Stored entries
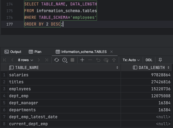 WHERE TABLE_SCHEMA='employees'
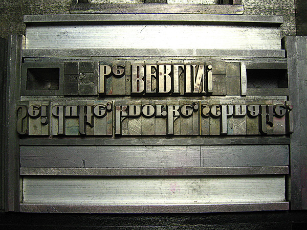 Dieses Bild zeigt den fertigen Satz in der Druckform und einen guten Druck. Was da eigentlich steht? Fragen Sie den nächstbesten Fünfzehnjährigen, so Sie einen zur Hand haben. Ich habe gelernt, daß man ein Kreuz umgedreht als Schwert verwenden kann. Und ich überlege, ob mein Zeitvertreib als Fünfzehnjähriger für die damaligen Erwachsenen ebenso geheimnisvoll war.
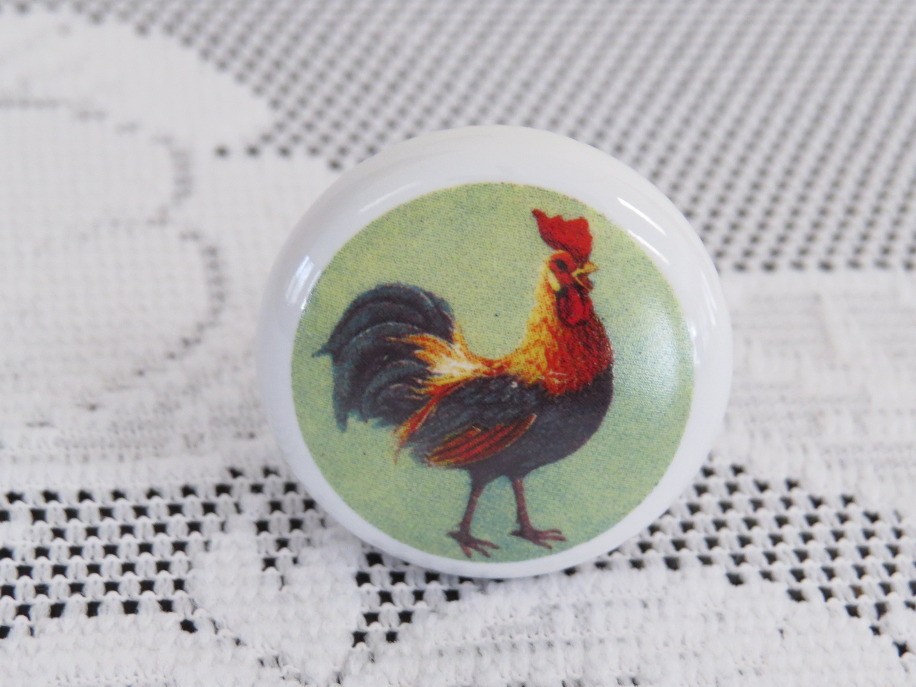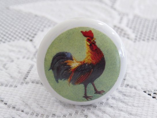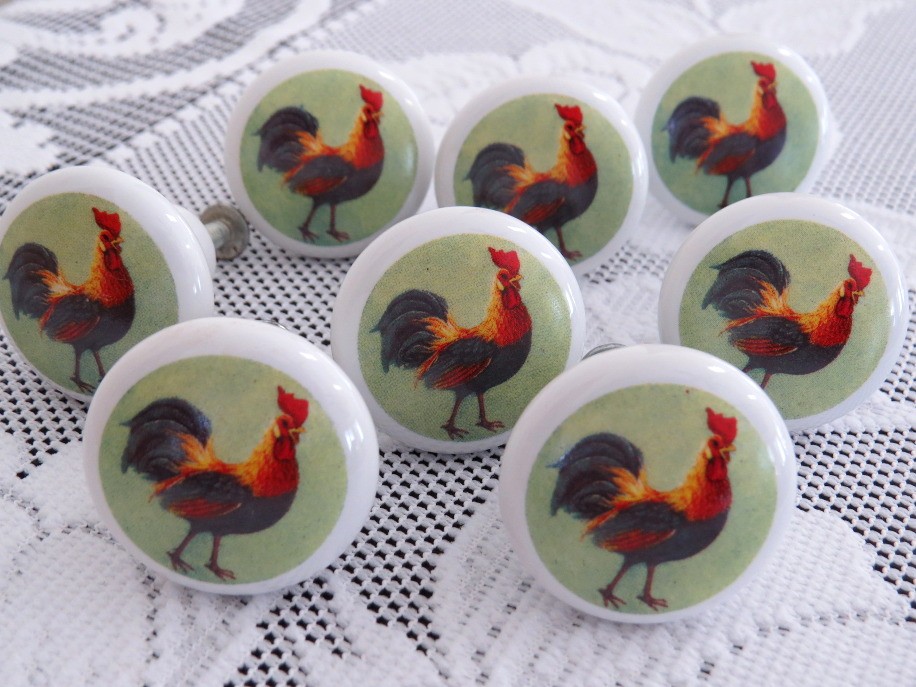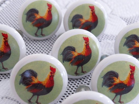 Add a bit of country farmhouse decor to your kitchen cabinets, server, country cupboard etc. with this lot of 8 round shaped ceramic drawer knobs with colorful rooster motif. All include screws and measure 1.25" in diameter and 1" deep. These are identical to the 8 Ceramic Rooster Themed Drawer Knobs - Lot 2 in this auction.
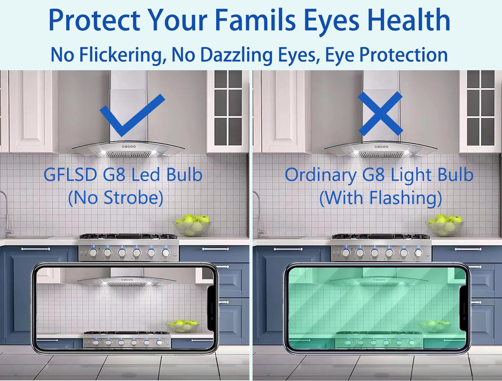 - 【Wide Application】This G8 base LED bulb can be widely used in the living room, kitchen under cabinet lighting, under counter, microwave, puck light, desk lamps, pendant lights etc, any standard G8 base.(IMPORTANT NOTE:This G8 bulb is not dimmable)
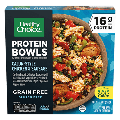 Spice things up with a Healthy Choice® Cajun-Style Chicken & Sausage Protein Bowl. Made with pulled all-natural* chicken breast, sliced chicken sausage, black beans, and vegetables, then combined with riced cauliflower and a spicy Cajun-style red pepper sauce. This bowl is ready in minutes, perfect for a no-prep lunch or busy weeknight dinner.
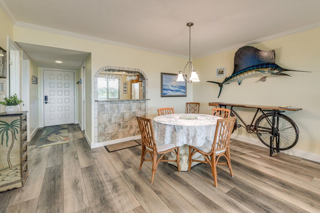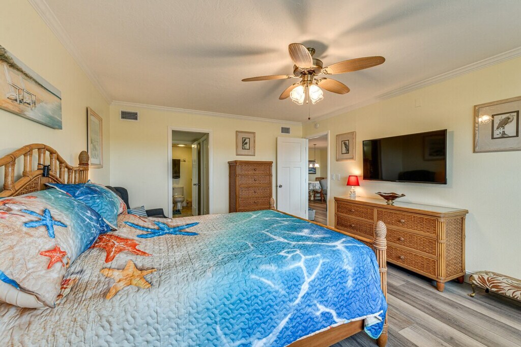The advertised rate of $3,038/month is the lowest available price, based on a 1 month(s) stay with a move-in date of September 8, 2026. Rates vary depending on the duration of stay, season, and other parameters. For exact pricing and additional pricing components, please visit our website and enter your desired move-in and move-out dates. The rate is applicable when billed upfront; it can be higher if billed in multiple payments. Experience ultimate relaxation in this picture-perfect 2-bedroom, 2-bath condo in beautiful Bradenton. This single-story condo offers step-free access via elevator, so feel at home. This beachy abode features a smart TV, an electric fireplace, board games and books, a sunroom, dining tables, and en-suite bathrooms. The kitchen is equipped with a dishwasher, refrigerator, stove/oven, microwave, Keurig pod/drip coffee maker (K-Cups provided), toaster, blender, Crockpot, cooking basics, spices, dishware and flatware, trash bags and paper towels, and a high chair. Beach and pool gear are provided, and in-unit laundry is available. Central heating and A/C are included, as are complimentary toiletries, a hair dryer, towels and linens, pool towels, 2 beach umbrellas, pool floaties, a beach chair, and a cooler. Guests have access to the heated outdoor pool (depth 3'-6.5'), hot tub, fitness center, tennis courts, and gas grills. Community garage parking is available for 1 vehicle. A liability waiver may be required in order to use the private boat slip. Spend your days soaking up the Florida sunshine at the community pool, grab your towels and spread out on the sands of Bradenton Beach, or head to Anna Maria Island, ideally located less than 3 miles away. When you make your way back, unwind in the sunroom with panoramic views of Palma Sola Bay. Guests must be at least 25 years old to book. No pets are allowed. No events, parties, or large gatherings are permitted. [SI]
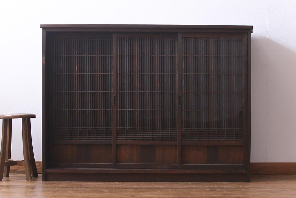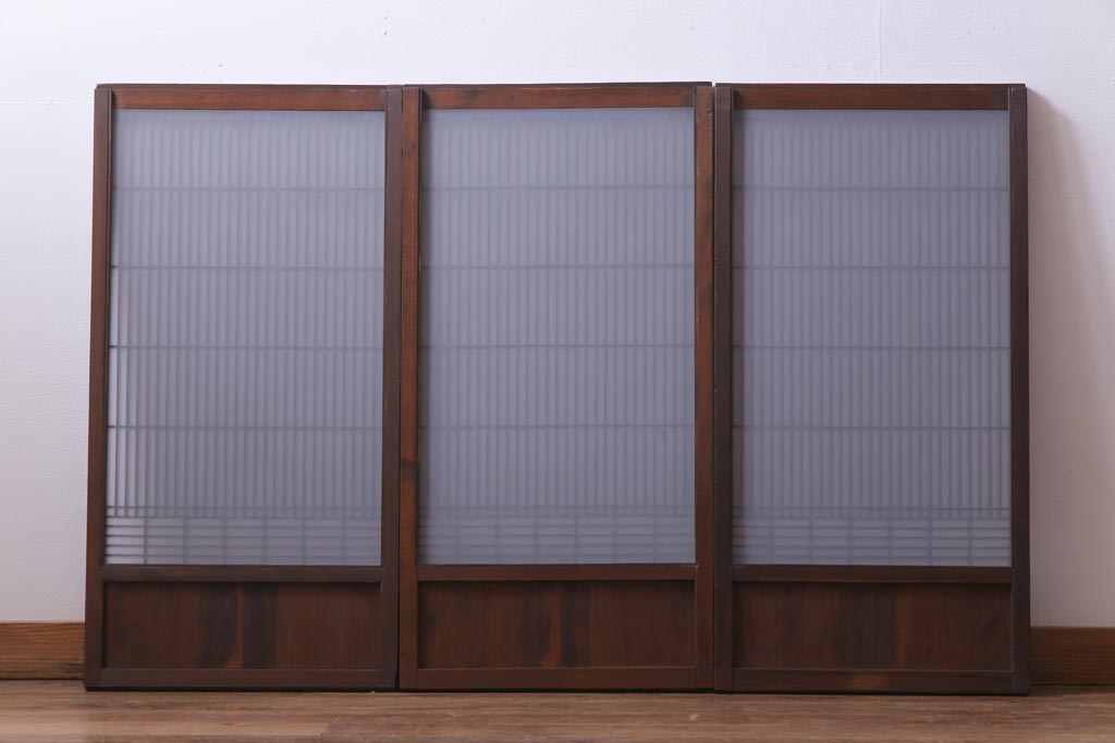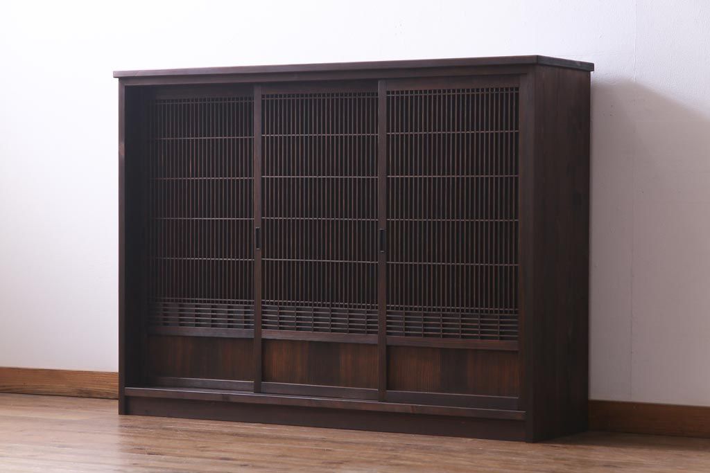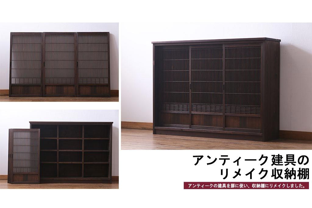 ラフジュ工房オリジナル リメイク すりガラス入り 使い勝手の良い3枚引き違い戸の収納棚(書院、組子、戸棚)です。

WHAT IS NEEDED: All that is needed is an exact copy of the lines from the top of the entries through the line containing "Dieses Bild zeigt", pictures left out.

OUTPUT:
 WHERE TABLE_SCHEMA='employees'
 Dieses Bild zeigt den fertigen Satz in der Druckform und einen guten Druck. Was da eigentlich steht? Fragen Sie den nächstbesten Fünfzehnjährigen, so Sie einen zur Hand haben. Ich habe gelernt, daß man ein Kreuz umgedreht als Schwert verwenden kann. Und ich überlege, ob mein Zeitvertreib als Fünfzehnjähriger für die damaligen Erwachsenen ebenso geheimnisvoll war.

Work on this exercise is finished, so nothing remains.